Overall, Brussels has been more reluctant than Washington to sanction Russia because of its broad economic ties. Moscow is an important gas supplier for many EU nations and it is the bloc’s third-largest trading partner overall. The EU’s sanctions, however, have more impact than those imposed by the U.S. since the EU is by far Russia’s largest trading partner.

Matteo Napolitano, a director in Fitch Ratings’ sovereign division, warned that the sanctions and the risk of further measures could see international banks further reduce their exposure to Russia, sparking renewed capital flight, slamming investment and depleting Moscow’s foreign exchange reserves.

“The sanctions are really having a meaningful impact,” he said at a conference in London.

In retaliation for earlier sanctions, Moscow banned food imports from the West, closing a market worth 10 billion euros ($13 billion) a year for European producers.

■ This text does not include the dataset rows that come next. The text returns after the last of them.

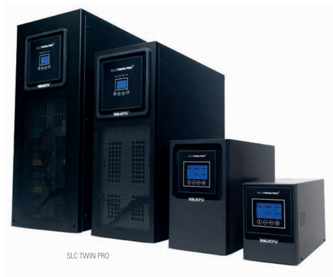
SLC TWIN PRO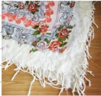
ゲントで買ったストール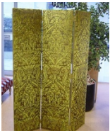
MODULE PARAVENT 3 PANS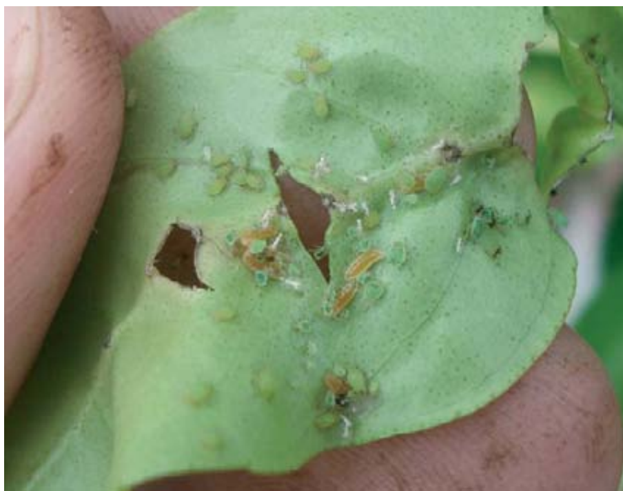
Foto 6: Larvas de Aphidoletes aphidimyza depredando en una colonia de A. spiraeicola .

El establecimiento de estas especies de pulgones en las cubiertas de F. arundinacea a finales de invierno y principios de la primavera pue-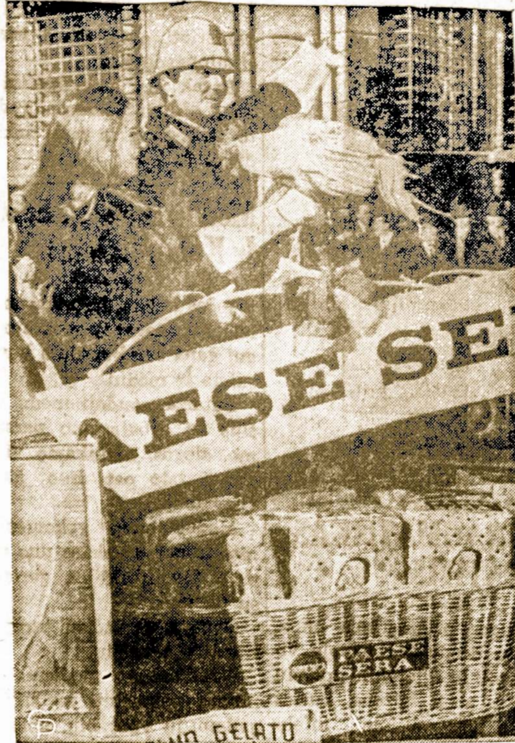
Italijoje yra mada Trijų Karalių dieną apdovanoti gatvėse susisiekimą tvarkančius policininkus. Įdomu, kur tas policininkas padės gyvą gaidį?

— Pacientas: — Ach, pone daktare, ar negalėtumėte man tą, įteikti raštiškai.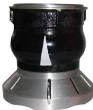
Sací koš Profi II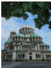
Cathédrale Alexander Nevski

Russia has also issued a veiled threat that it could ban Western airlines from using Russian airspace — a move that would lead to higher fuel costs and delays for flights to Asia by European airlines.

In Ukraine’s capital of Kiev on Thursday, people held posters and laid flowers to commemorate terror victims killed in the Sept. 11 attacks in the United States and in the July 17 downing of Malaysia Airlines Flight 17 over eastern Ukraine this year.

Ukraine has accused the separatists of shooting down Flight 17.